What You'll Do
Design representative evaluation datasets by refining sampling methods and query diversity to reflect actual user behavior. Develop and manage large-scale evaluation frameworks that assess AI performance across thousands of real queries, ensuring reliable measurement of response quality.
Implement LLM-driven evaluation models to score key attributes such as factual accuracy, completeness, and clarity, calibrating them with human judgment data. Conduct pre-deployment assessments of new models and product updates, establishing quality thresholds that guide release decisions.
Construct observability systems that enhance traceability and data visibility for AI agents, enabling deeper analysis of behavior patterns. Use evaluation outcomes and user feedback to drive iterative improvements, including automated prompt refinement and model tuning.
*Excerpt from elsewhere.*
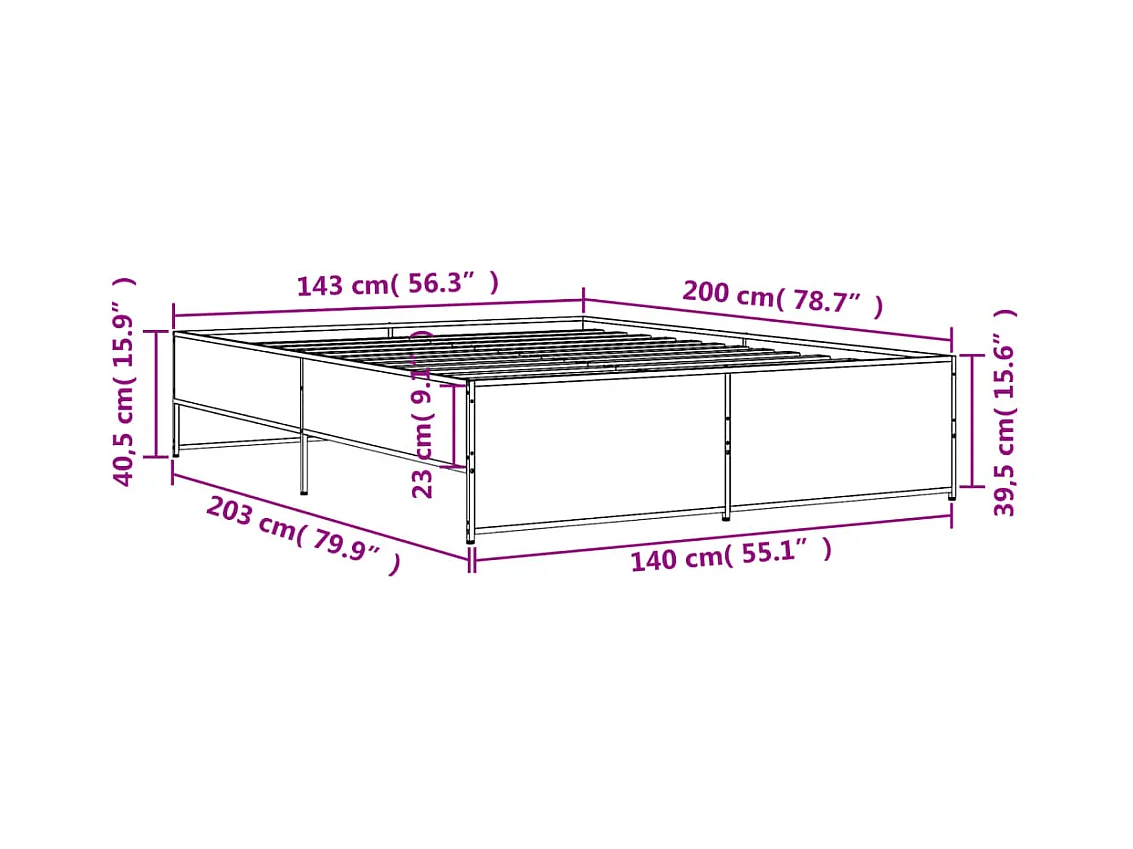 Lit double | Lit adulte | Cadre de lit sonoma gris 140x200 cm

Partner with engineering teams across the organization to integrate evaluation practices into development workflows, ensuring quality remains central to product evolution.
What We're Looking For
- Minimum of two years of software engineering experience with strong programming skills
- Proficiency in Go and Python, with experience in distributed data processing systems
- Background in LLM evaluation, reinforcement learning from human feedback, or natural language processing
- Ability to reason critically about how offline metrics correlate with real user outcomes
- Commitment to product quality and experience working in collaborative, cross-functional environments
- Strong ownership mindset with a focus on delivering measurable impact
Technology Environment
Go, Python, LLM evaluation frameworks, reinforcement learning from human feedback, natural language processing, distributed data pipelines
Benefits
- Competitive salary and potential equity or variable compensation
- Medical, vision, and dental insurance
- Generous paid time off
- 401k contribution options
- Stipends for home office setup, education, and wellness
- Daily healthy lunches and regular team events
Work Environment
This role operates in a hybrid model, requiring 3–4 days per week in one of our offices in the SF Bay Area. We foster a collaborative, inclusive culture that values diverse perspectives and customer-centric innovation.
Our Commitment
We are dedicated to building a diverse and equitable workplace. We do not discriminate on the basis of race, gender, age, religion, sexual orientation, disability, or any other protected status. All are welcome to contribute to our mission of creating intelligent, reliable AI systems.